Odiado por muitos, amado por outros. Mas há algo inegável (até onde sabemos): não só funciona, como pode rivalizar com o Squat na corrida pelo título de Construtor Oficial de Glúteos Máximos.
A Ciência Antes da Fofoca de Balneário
Um estudo recente decidiu colocar esta batalha épica à prova: Hip Thrust vs Squat – o confronto que ninguém sabia que precisava. O veredicto? Ambos os exercícios são igualmente eficazes para hipertrofia do glúteo máximo. E antes que comeces a imaginar se podes substituir todo o treino de perna pelo "empurra barra com os quadris", calma lá! Não estamos aqui a cancelar o agachamento – mas sim a reconhecer que o Hip Thrust tem lugar na realeza do treino.
Neste estudo em particular, mulheres não treinadas participaram num programa supervisionado de 10 semanas. Resultado? A espessura muscular aumentou. Ah, e para os céticos: os resultados foram medidos com ultrassom, não com ângulos do instagram.
O Debate: Glúteos de Ouro ou Marketing de Academia?
Vamos esclarecer uma coisa: o Hip Thrust não é magia negra, mas também não é aquele suplemento milagroso que te prometem no TikTok. Adicionar este movimento ao treino é uma forma sólida de ganhar músculo nos glúteos (peach emoji vibes), mas sozinho não te vai levar muito longe.
A Moral da História
Se estás a pensar que agora só precisas de Hip Thrust para o resto da vida, deixa-me cortar essa ilusão pela raiz. A verdade é simples: um treino completo é como um bom jantar – precisa de variedade para ser realmente delicioso. Então, sim, faz o teu Hip Thrust com orgulho, mas lembra-te que os clássicos, como o Squat, continuam a ser reis e rainhas da musculação.
Rita Gomes - Personal Trainer BMS
Frontiers in Physiology (2023)
Plotkin, D. L., Rodas, M. A., Vigotsky, A. D., McIntosh, M. C., Breeze, E., et al. (2023). Hip thrust and back squat training elicit similar gluteus muscle hypertrophy and transfer similarly to the deadlift. Frontiers in Physiology. doi: 10.3389/fphys.2023.1279170.
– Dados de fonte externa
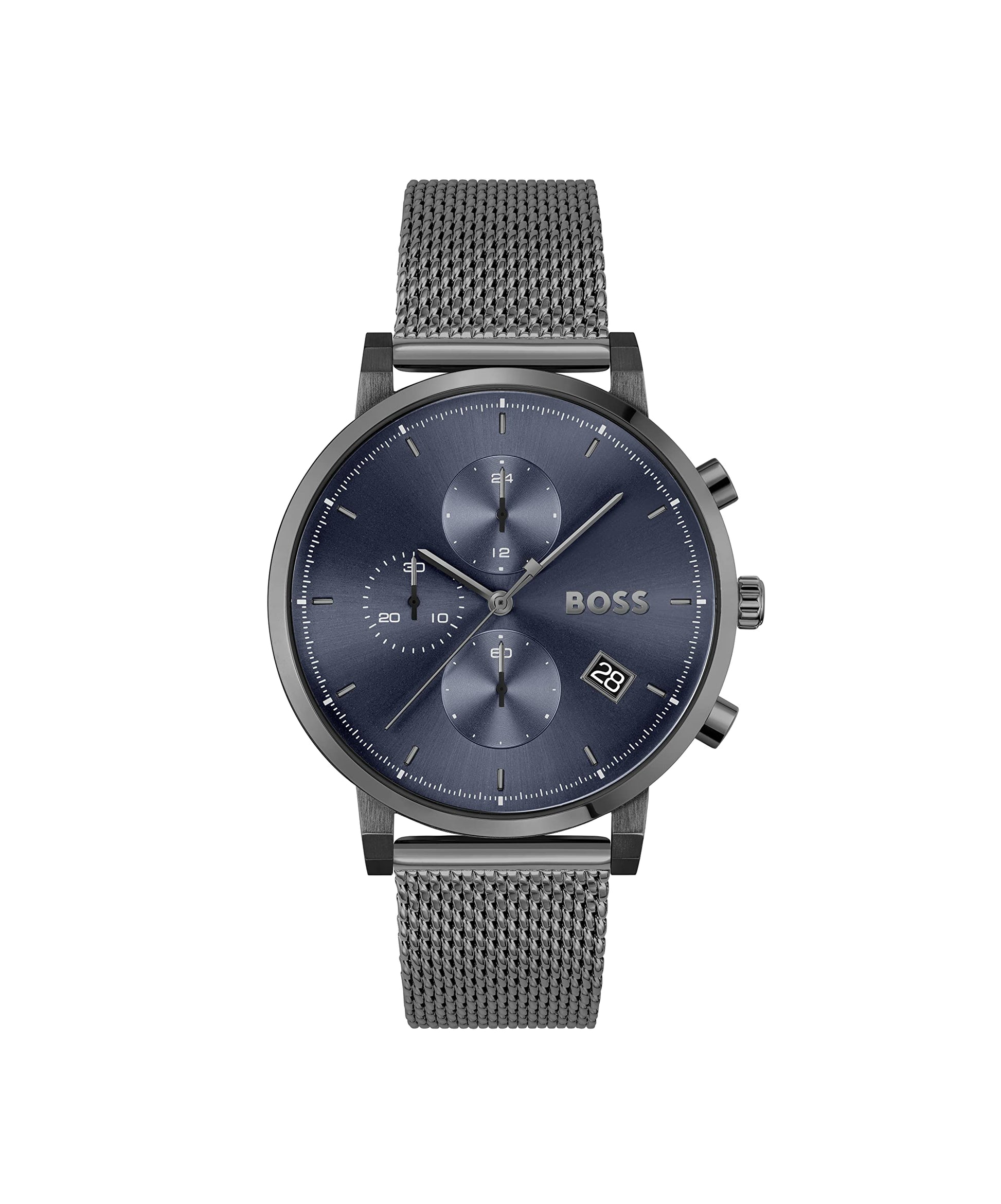 BOSS Integrity Qtz Fashion Chrono Blue Round Dial Men's Watch|Ionic Plated Grey Steel Material|Grey Color Band - 1513934

International Journal of Strength and Conditioning (2024)
Kassiano, W., Kunevaliki, G., Costa, B., Nunes, J. P., Castro-E-Souza, P., Tricoli, A., Ribeiro, A. S., & Cyrino, E. S. (2024). Addition of the Barbell Hip Thrust Elicits Greater Increases in Gluteus Maximus Muscle Thickness in Untrained Young Women. International Journal of Strength and Conditioning. doi: 10.15614/strength.2024.041.